Sets the display name for the root/document node when the document is converted to a string. The default is: XMLDocument i.e.

<XMLDocument> <root_element> .. </root_element> </XMLDocument>

This behaviour can be disabled using cxml_cfg_show_doc_as_top_level(). This configuration only applies when converting the root/document node to a string.

Text Transposition

cxml_cfg_set_text_transposition(bool transpose_text, bool use_strict_mode)

Allows text containing entities to be transposed where applicable. E.g. from & -> &amp;, > -> &gt; or &gt; -> >. This only applies when converting a node to a string. use_strict_mode ensures that cxml errors when bad/broken/ill formed entities are used within text. This configuration is enabled by default, with use_strict_mode disabled. It is important to note that enabling use_strict_mode with transpose_text disabled is irrelevant.

Whitespace

cxml_cfg_preserve_space(bool preserve_space)
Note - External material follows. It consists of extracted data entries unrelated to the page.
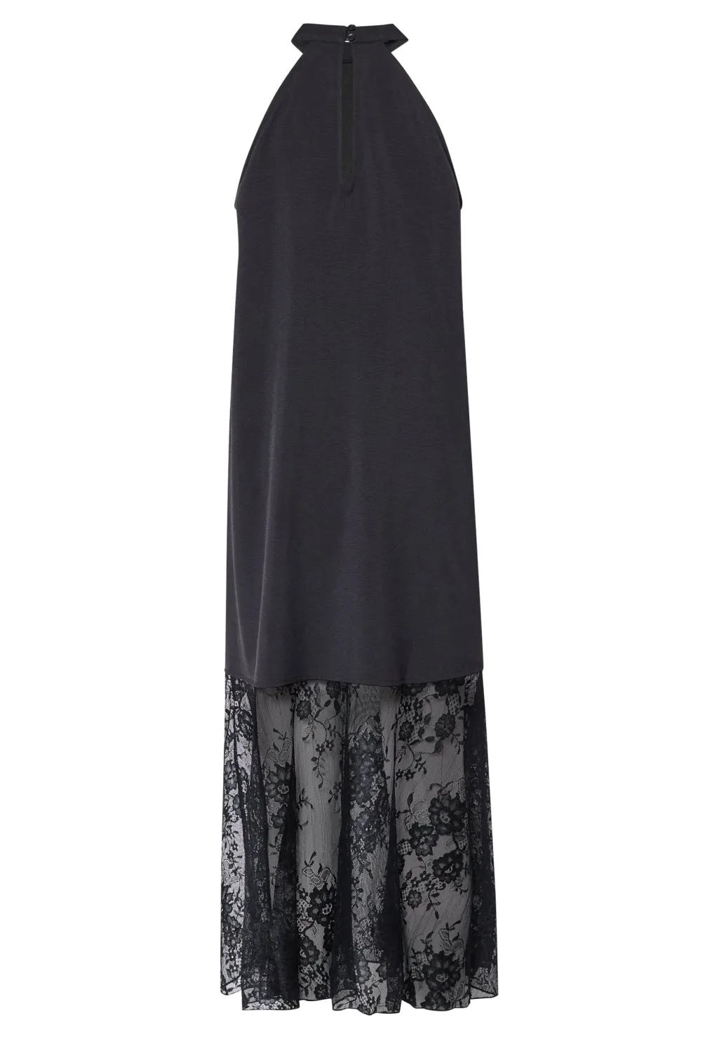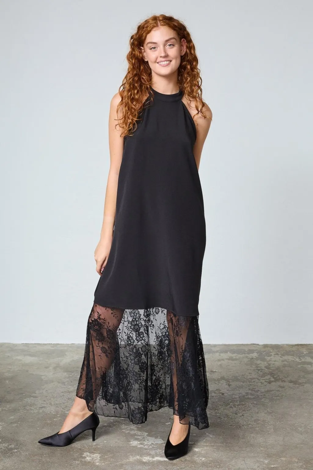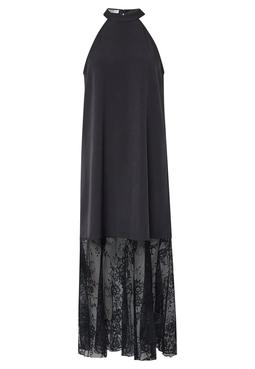 Sort ankellang kjole fra Sisters Point med høj halsudskæring. Den ærmeløse kjole har blonder i den nederste del og en løs pasform, der gør den velegnet til festlige anledninger.
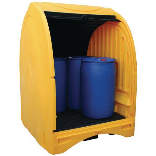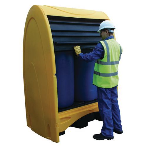 Box de stockage rigide double paroi résistant à la corrosion chimique. Accès facile des 2 côtés via rideaux coulissants côtelés, souples et résistants. Manutention à vide par transpalette ou chariot élévateur. Bonne hauteur interne.
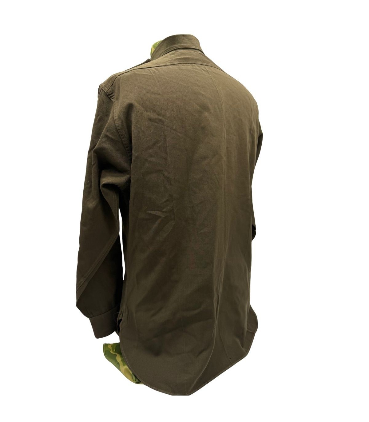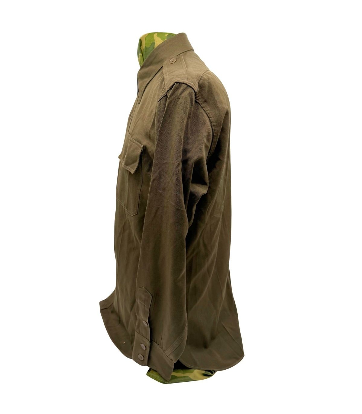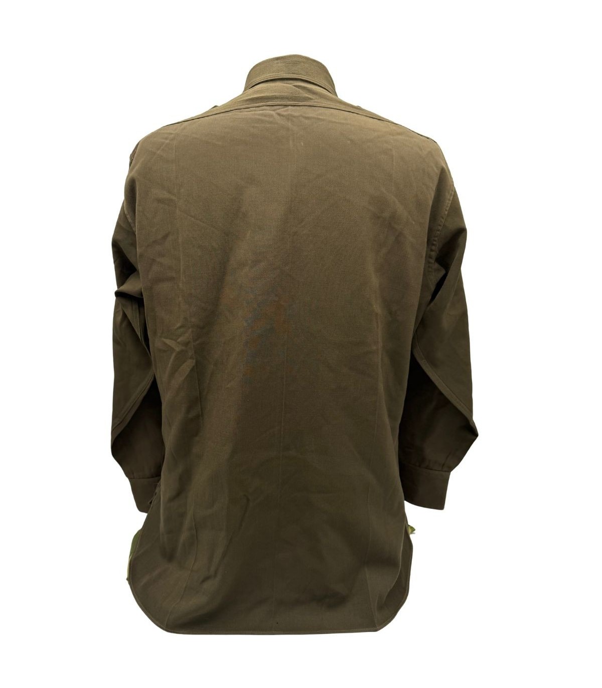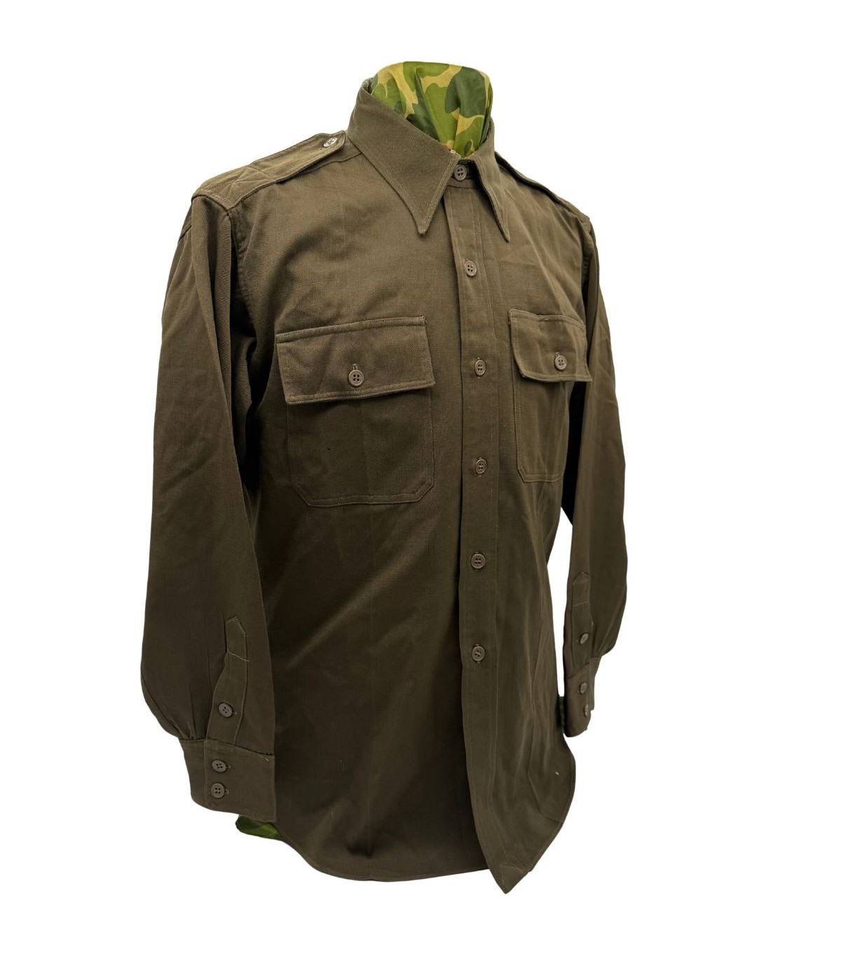 Cette chemise d'officier, reconnaissable à sa teinte brun foncé dite "chocolat" (Dark Shades OD-51), représente le haut de gamme de l'uniforme de sortie américain. Contrairement à la de la troupe, ce modèle est confectionné dans une gabardine de laine fine, offrant un tombé et une résistance exceptionnels.
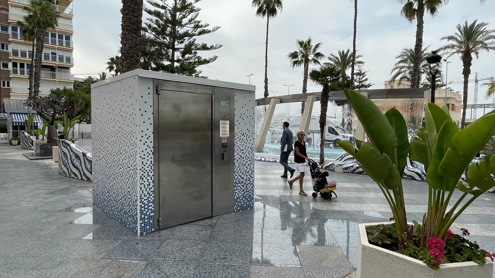 El alcalde de Torrevieja, Eduardo Dolón, y el concejal de Ocupación de Vía Pública, Federico Alarcón, han visitado el aseo de uso público ubicado en la plaza Waldo Calero, tras haberse puesto en funcionamiento en la mañana de hoy.
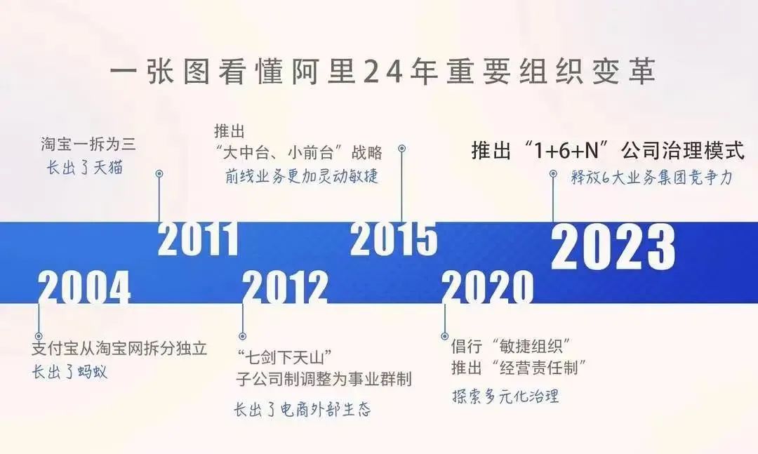 过去二十多年里,阿里一直擅于通过自我创新来适应形势的变化,正是敏捷的战略调整和组织变革帮助阿里穿越了一个个大小周期。
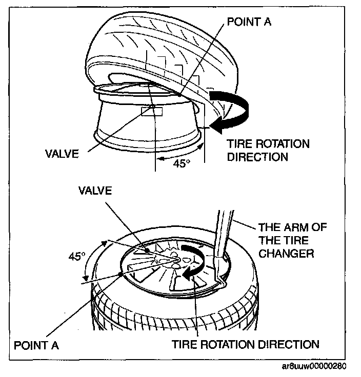 4. Set the tire changer so that it is 45° away (point A) from the valve hole.
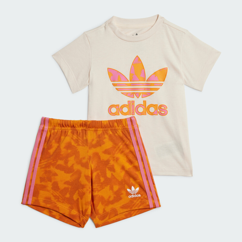Колекція Adidas Originals заснована на використанні у виробництві найкращих матеріалів та практичних фасонів. Спортивний костюм Adidas Originals Short Tee Set додасть сонячного настрою у літні образи Вашого малюка. Він виготовлений з якісної бавовняної тканини, яка є приємною до ніжної шкіри. Класичний крій костюма не сковуватиме дитячих рухів, тому дитина зможе впевнено досліджувати навколишній світ. Футболка має застібки на плечах, щоб її було зручно одягати. Шорти з еластичним поясом та шнурком гарантуватимуть надійну фіксацію. Костюм декоровано стильним принтом та логотипами, щоб продемонструвати спортивний стиль Вашого малюка. Модель рекомендована для малюків до 4 років. Adidas піклується про зниження впливу на довкілля, тому бавовна виготовлена по програмі Better Cotton Initiative, яка розвиває екологічне бавовництво.
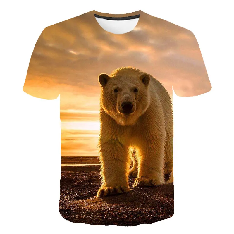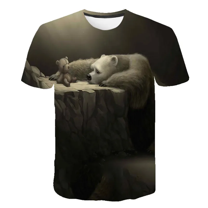Футболка оверсайз мужская с принтом медведя, Повседневная модная рубашка с 3D рисунком животных, с короткими рукавами, уличная одежда, лето
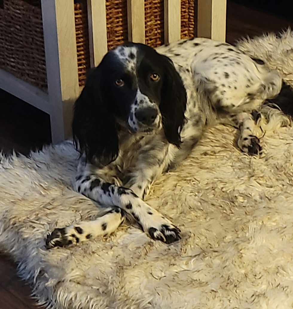 Ella, formerly Starr, came from the hunting preserve in GA along with 5 other Setters. She's only two years old, and she's very shy and skittish, but I'm starting to see some improvement in her comfort level in just two weeks. I signed up for "Foster to Adopt", but I knew she was mine from the minute she got in my car!
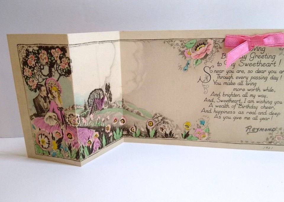 Vintage 1931 Birthday Greeting Card Couple In Flower Covered Meadows Pink Ribbon

Allows whitespace separating nodes or around texts to be preserved or stripped depending on how its used. This can be used to eliminate redundant spaces that isn't necessarily important text to the user. This applies to the XML parser itself and is enabled by default. This however does not affect whitespaces separating nodes when an element or root node is converted to a string, instead it applies to the values stored within nodes themselves.

Comments

cxml_cfg_preserve_comment(bool preserve)

This can be used to toggle comments on or off. If disabled, comments within an XML document would be ignored by the parser during parsing. This is enabled by default, that is comments are preserved.

CData

cxml_cfg_preserve_cdata(bool preserve)

Just like the option for comments, this can be used to preserve or ignore cdata structures in an XML document. This is enabled by default.

DTD

cxml_cfg_trim_dtd(bool trim_dtd)

Allows lengthy DTD structures to be reduced to a simplified form. For example, when this is enabled, a DTD structure of the form: <!DOCTYPE note SYSTEM "example.dtd"> would be reduced to <!DOCTYPE note>. This applies to the XML parser itself and is enabled by default. NOTE: cxml has no use for the DTD structure because it is non-validating - it doesn't validate an XML document against any DTD available.

Top Level

cxml_cfg_show_doc_as_top_level(bool show)
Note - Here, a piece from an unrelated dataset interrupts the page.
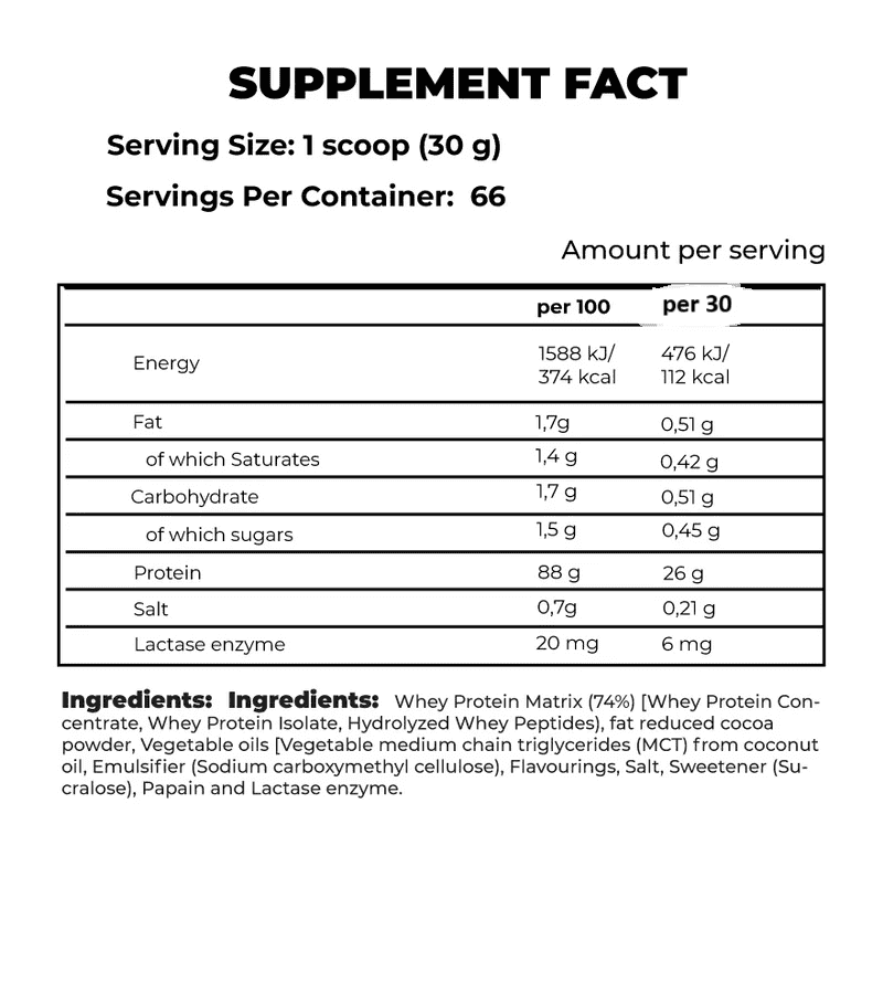 Whey Protein Matrix (74%) [Whey Protein Concentrate, Whey Protein Isolate, Hydrolyzed Whey Peptides], Fat-Reduced Cocoa Powder, Vegetable Oils (Medium Chain Triglycerides – MCT from Coconut Oil), Emulsifier (Sodium Carboxymethyl Cellulose), Flavorings, Salt, Sweetener (Sucralose), Papain and Lactase Enzyme.

Enables the root node's name to be attached to the document's string representation. This is enabled by default.

Warnings

cxml_cfg_show_warnings(bool show)

Allows warnings reported by the XML parser to be displayed when recoverable errors are encountered during parsing. This is enabled by default.

Debug

cxml_cfg_enable_debugging(bool enable)

Allows node destruction processes to be traceable for debugging purposes. This is disabled by default.

Namespaces

cxml_cfg_allow_default_namespace(bool allow)
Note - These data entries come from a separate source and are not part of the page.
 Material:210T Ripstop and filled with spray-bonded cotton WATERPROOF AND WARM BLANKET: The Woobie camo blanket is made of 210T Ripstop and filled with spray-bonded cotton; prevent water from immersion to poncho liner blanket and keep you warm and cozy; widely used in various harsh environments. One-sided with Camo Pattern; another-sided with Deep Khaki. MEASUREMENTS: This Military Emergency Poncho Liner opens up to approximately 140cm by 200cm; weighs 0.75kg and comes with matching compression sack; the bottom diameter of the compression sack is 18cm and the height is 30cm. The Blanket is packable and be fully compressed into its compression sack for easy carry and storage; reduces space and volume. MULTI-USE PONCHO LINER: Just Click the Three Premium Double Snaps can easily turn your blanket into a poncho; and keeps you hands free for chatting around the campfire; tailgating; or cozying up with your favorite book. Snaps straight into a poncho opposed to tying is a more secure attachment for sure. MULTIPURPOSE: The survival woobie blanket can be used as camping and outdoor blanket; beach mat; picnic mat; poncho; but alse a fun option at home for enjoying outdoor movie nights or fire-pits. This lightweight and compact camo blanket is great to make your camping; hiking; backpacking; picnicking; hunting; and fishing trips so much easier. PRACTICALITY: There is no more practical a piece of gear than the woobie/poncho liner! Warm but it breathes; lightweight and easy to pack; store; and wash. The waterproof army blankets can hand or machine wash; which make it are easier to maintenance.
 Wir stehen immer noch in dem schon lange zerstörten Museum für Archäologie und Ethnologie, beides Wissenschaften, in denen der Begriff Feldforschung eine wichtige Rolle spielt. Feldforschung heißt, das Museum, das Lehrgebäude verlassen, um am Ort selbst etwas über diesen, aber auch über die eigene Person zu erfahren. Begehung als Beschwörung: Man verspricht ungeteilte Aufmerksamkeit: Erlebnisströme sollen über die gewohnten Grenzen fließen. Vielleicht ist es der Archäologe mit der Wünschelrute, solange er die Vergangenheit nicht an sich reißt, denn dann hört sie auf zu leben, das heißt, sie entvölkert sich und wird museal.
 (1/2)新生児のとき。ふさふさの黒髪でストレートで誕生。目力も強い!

Allows default namespaces to be bound to elements within the scope of such namespaces. This is enabled by default.

cxml_cfg_allow_duplicate_namespaces(bool allow)

Allows duplicate namespaces declared within a single element in an XML document without erring during parsing. This is disabled by default.

How to Use the Examples

working_with_cxml_query_*.c might be the best place to start. Then one can move on to working_with_cxml_xpath.c, working_with_cxml_config.c, and finally working_with_cxml_sax_*.c. These examples are filled with comments that explains in details the lines of code.